Contoh, pada jam 2 siang seorang berangkat ke pasar mencari bengkel motor untuk membeli kampas rem. Di saat memasuki lorong gang, ketika menoleh ke arah kanan ia melihat warung makan yang penuh dan sesak ada kepulan bau nikmat yang ia hirup. Sesaat kemudian melihat arah kiri, terdapat es cendol yang laris dibeli orang. Padahal orang tersebut sudah lapar dan haus. Sementara di arah depan kelihatan mushalla yang nampak bersih dan dilihat hilir mudik orang sembahyang. Kemudian orang tersebut menentukan shalat terlebih dahulu karena mempertimbangkan jam yang sudah limit. Kesimpulan yang dipilih oleh orang tersebut setelah banyak mempertimbangkan beberapa keinginan disebut iradah. Jika iradah tersebut dibiasakan setiap ada beberapa keinginan dengan tanpa berpikir panjang karena sudah dirasakan oleh dirinya maka disebut akhlak.
Sebaliknya ada seorang kaya, mendengarkan pengajian da’i kondang menjelaskan hikmah infaq. Orang itu kemudian tertarik dan secara spontan memberikan uang satu juta rupiah untuk didermakan.

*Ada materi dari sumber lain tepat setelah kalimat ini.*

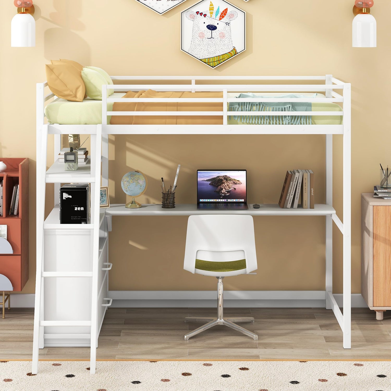 Bellemave Twin Loft Bed with Desk and Storage Drawers in White, Perfect for Kids and Teens
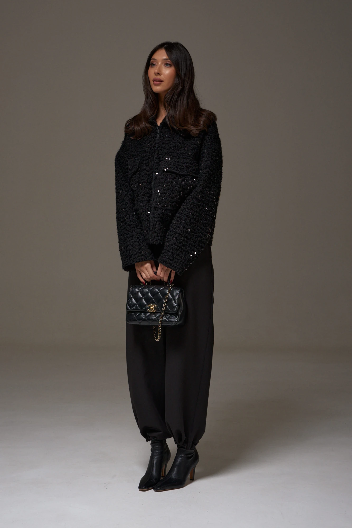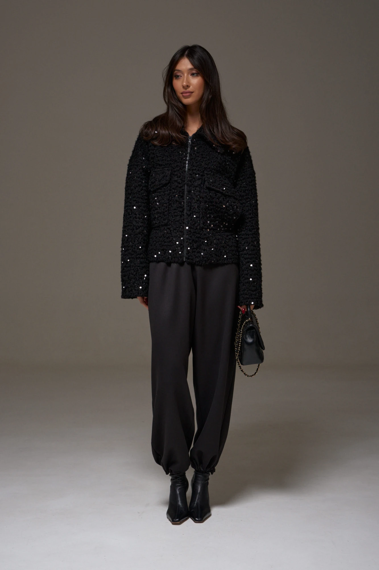 Жакет прямого свободного кроя. Выполнен из фактурной плотной (пальтовой) ткани чёрного цвета с пайетками. С подкладкой. Воротник отложной. Рукав втачной, спущенный. Застёжка центральная - молния. По переду накладные карманы с клапаном (с боковым входом). Спинка цельнокроеная. Длина рукава от линии втачивания 54 см. Длина спинки 59 см
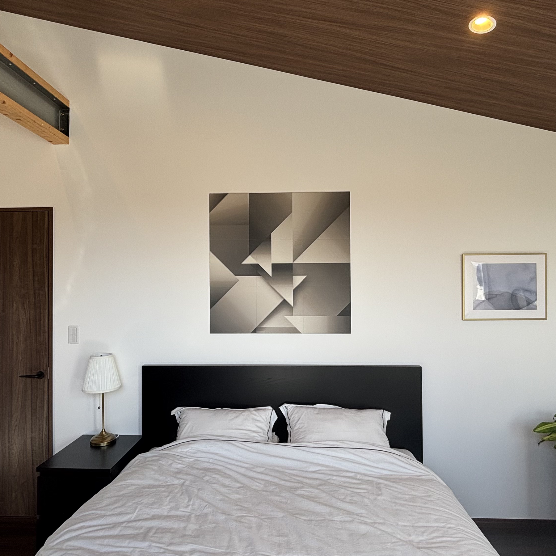 写真をご覧いただくと分かるように、寝室全体が落ち着いた雰囲気になり、ホテルライクな空間に仕上がりました。
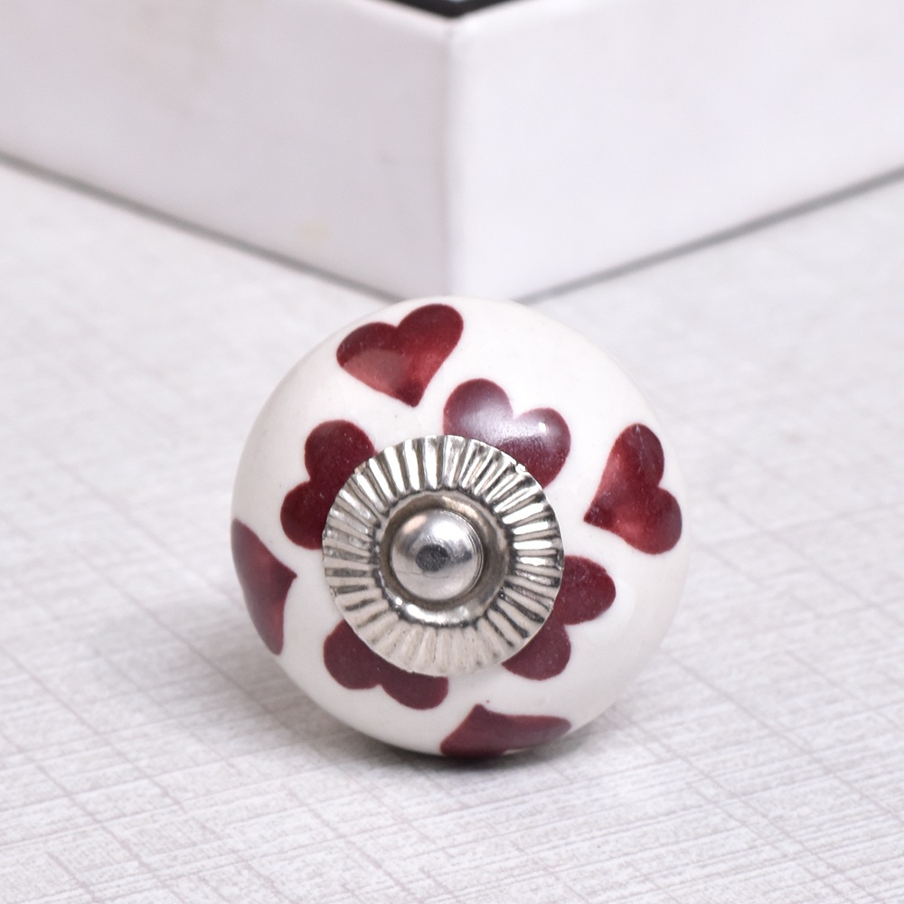 The playful nature of the Cherry Heart Ceramic Knob makes it an ideal addition to eclectic interiors. Its vibrant color and heart-shaped design provide a lovely contrast to a mix of patterns, textures, and styles. Whether it's part of a boho chic, vintage-inspired, or whimsical interior, this knob adds a cheerful, lighthearted touch to the furniture, making the entire room feel more welcoming and fun.
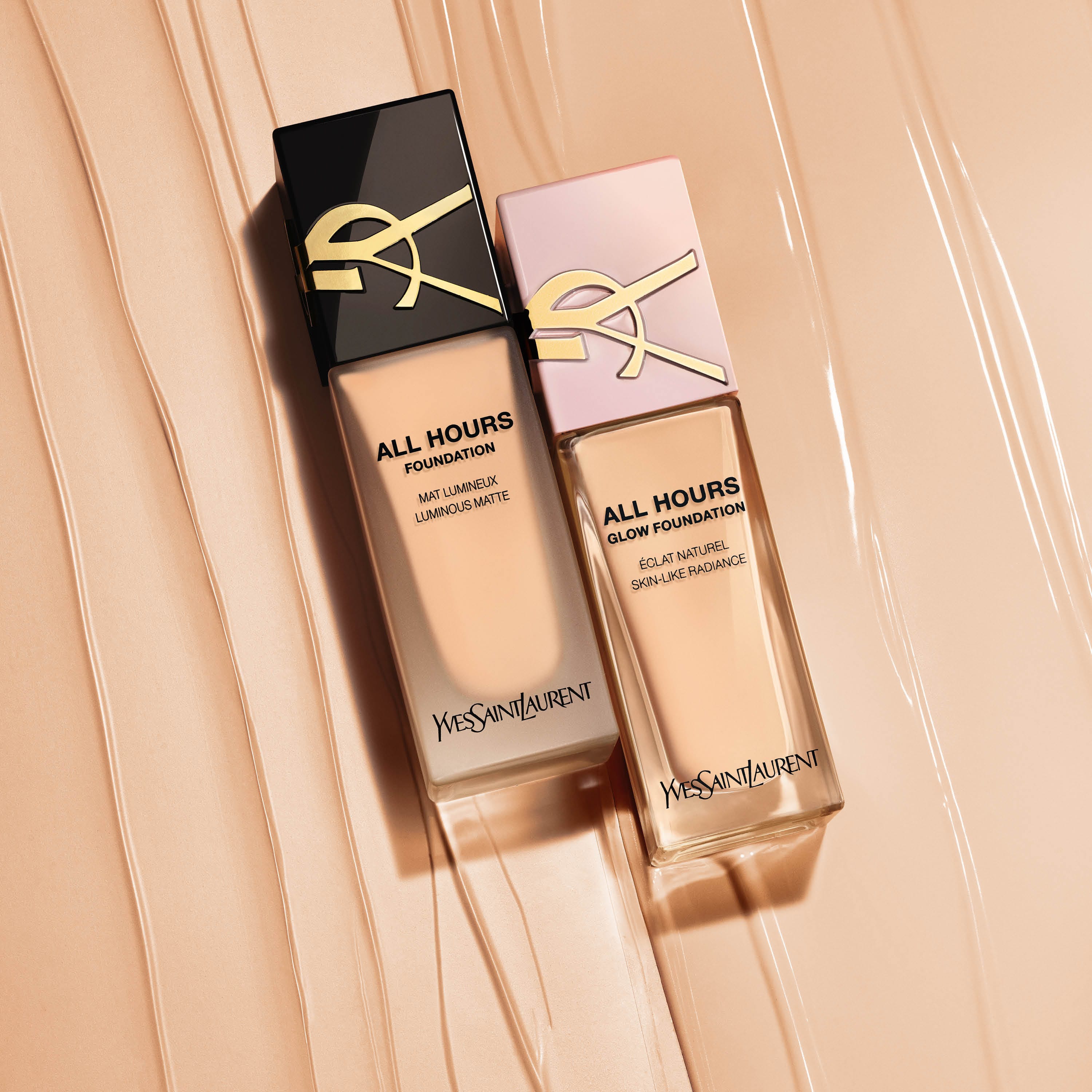 ALL HOURS GLOW – LJÓMANDI FARÐI FYRIR DAG OG KVÖLD Upplifðu All Hours Glow Foundation, endingargóðan ljómafarða frá Yves Saint Laurent Beauty með fullkominni og ljómandi couture áferð. Húðin verður samstundis jafnari, sléttari og meira ljómandi. Létt formúlan veitir uppbyggjanlega þekju, 24 klst. endingu* og fallegan ljóma. Nærandi serum-formúlan er rík af hýalúrónsýru og níasínamíði. Húðin virkar ljómandi og fylltari – jafnvel án farða.

Orang tersebut belum termasuk dermawan, karena pemberiannya ada dorongan dari luar. Orang tidak termasuk ramah terhadap tamu (secara akhlak) jika ia senang membeda-bedakan tamu yang datang. Dengan demikian akhlak bersifat konstan (tetap-selalu) spontan, tidak temporer dan juga tidak memerlukan pemikiran dan pertimbangan serta dorongan dari luar.
Di samping akhlak ada istilah lain disebut etika dan moral. ketiga istilah di atas sama, sama menentukan nilai baik dan buruk sikap perbuatan seseorang. Bedanya akhlak mempunyai standar ajaran yang bersumber kepada Al-Qur’an dan Sunnah Rasul. Etika bersandar kepada akal pikiran, sedangkan moral bersumber kepada adat kebiasaan yang umum berlaku di masyarakat.
Rujukan:
- Imam Ghazali, Ihya’ ‘Ulum al-Din, (Beirut: Darul Fikr, tt.), jilid III, hlm. 56.
- Ibnu Miskawaih, Tahdzib al-Akhlak wa Tathhir al-A’raq, (Mesir: Al-Mathba’ah alMishriyyah, 1934), cet. I, hlm. 40.
- Ahmad Amin, Etika (Ilmu Akhlak) terj., (Jakarta: Bulan Bintang, 1993), cet. VII, hlm. 62.